§ About this task
Everything in the listing below should be repeated exactly, apart from the pictures.

-- Raw data follows --

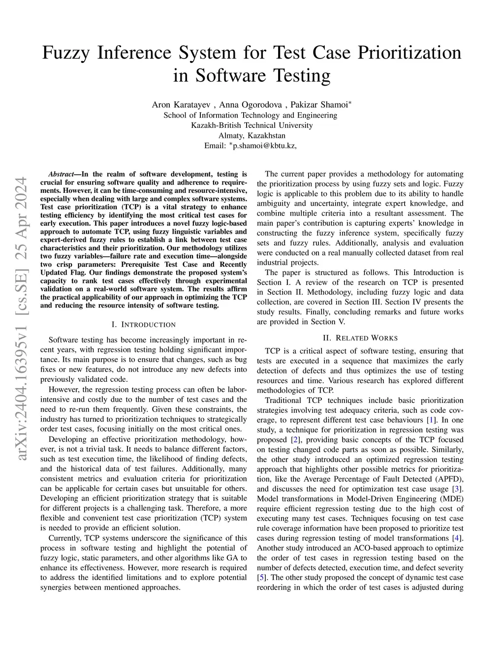 In the realm of software development, testing is crucial for ensuring software quality and adherence to requirements. However, it can be time-consuming and resource-intensive, especially when dealing with large and complex software systems. Test case prioritization (TCP) is a vital strategy to enhance testing efficiency by identifying the most critical test cases for early execution. This paper introduces a novel fuzzy logic-based approach to automate TCP, using fuzzy linguistic variables and expert-derived fuzzy rules to establish a link between test case characteristics and their prioritization. Our methodology utilizes two fuzzy variables - failure rate and execution time - alongside two crisp parameters: Prerequisite Test Case and Recently Updated Flag. Our findings demonstrate the proposed system capacity to rank test cases effectively through experimental validation on a real-world software system. The results affirm the practical applicability of our approach in optimizing the TCP and reducing the resource intensity of software testing.
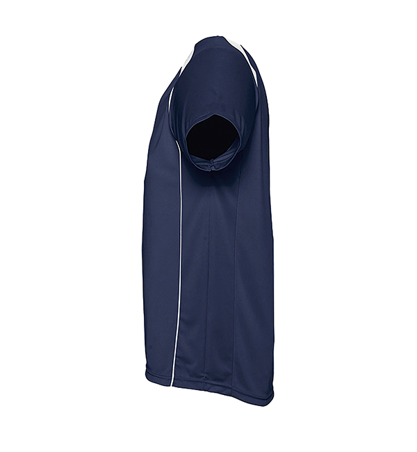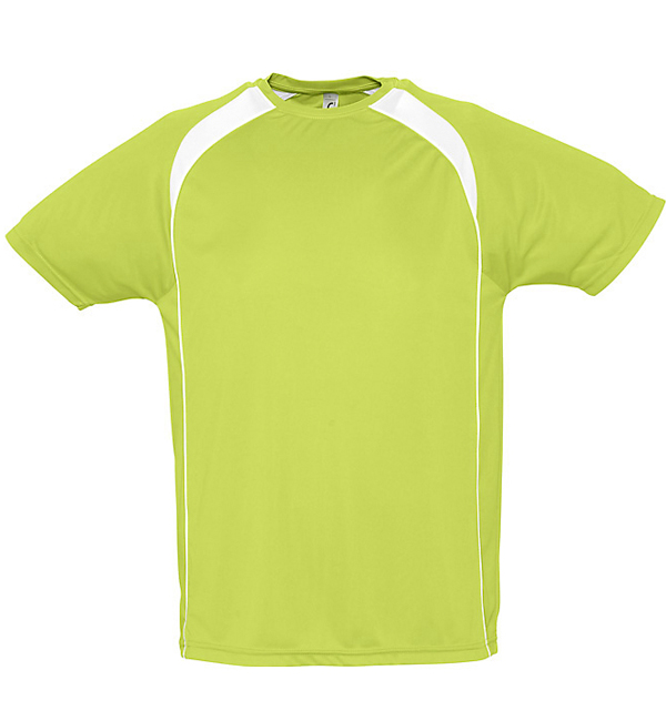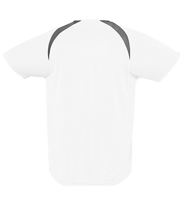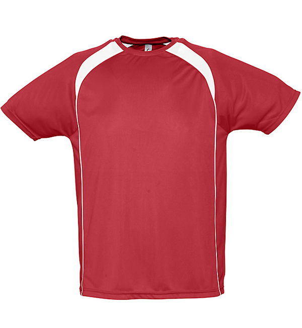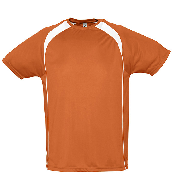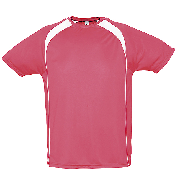100% oddychającego poliestru. Sportowy i meodny styl. Kontrastowe rękawy typu raglan, lamówka wokół szyi.
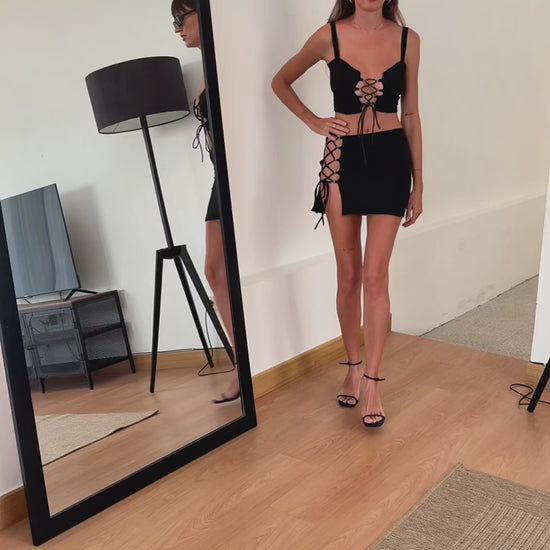 Bold and sexy, this short lace-up skirt is a striking wardrobe piece for those who aren’t afraid to stand out.The sleek cut pairs with daring details to highlight your figure and add confidence and allure to your look.

-- Raw data concluded --

§ Written answer
 In the realm of software development, testing is crucial for ensuring software quality and adherence to requirements. However, it can be time-consuming and resource-intensive, especially when dealing with large and complex software systems. Test case prioritization (TCP) is a vital strategy to enhance testing efficiency by identifying the most critical test cases for early execution. This paper introduces a novel fuzzy logic-based approach to automate TCP, using fuzzy linguistic variables and expert-derived fuzzy rules to establish a link between test case characteristics and their prioritization. Our methodology utilizes two fuzzy variables - failure rate and execution time - alongside two crisp parameters: Prerequisite Test Case and Recently Updated Flag. Our findings demonstrate the proposed system capacity to rank test cases effectively through experimental validation on a real-world software system. The results affirm the practical applicability of our approach in optimizing the TCP and reducing the resource intensity of software testing.
100% oddychającego poliestru. Sportowy i meodny styl. Kontrastowe rękawy typu raglan, lamówka wokół szyi.
 Bold and sexy, this short lace-up skirt is a striking wardrobe piece for those who aren’t afraid to stand out.The sleek cut pairs with daring details to highlight your figure and add confidence and allure to your look.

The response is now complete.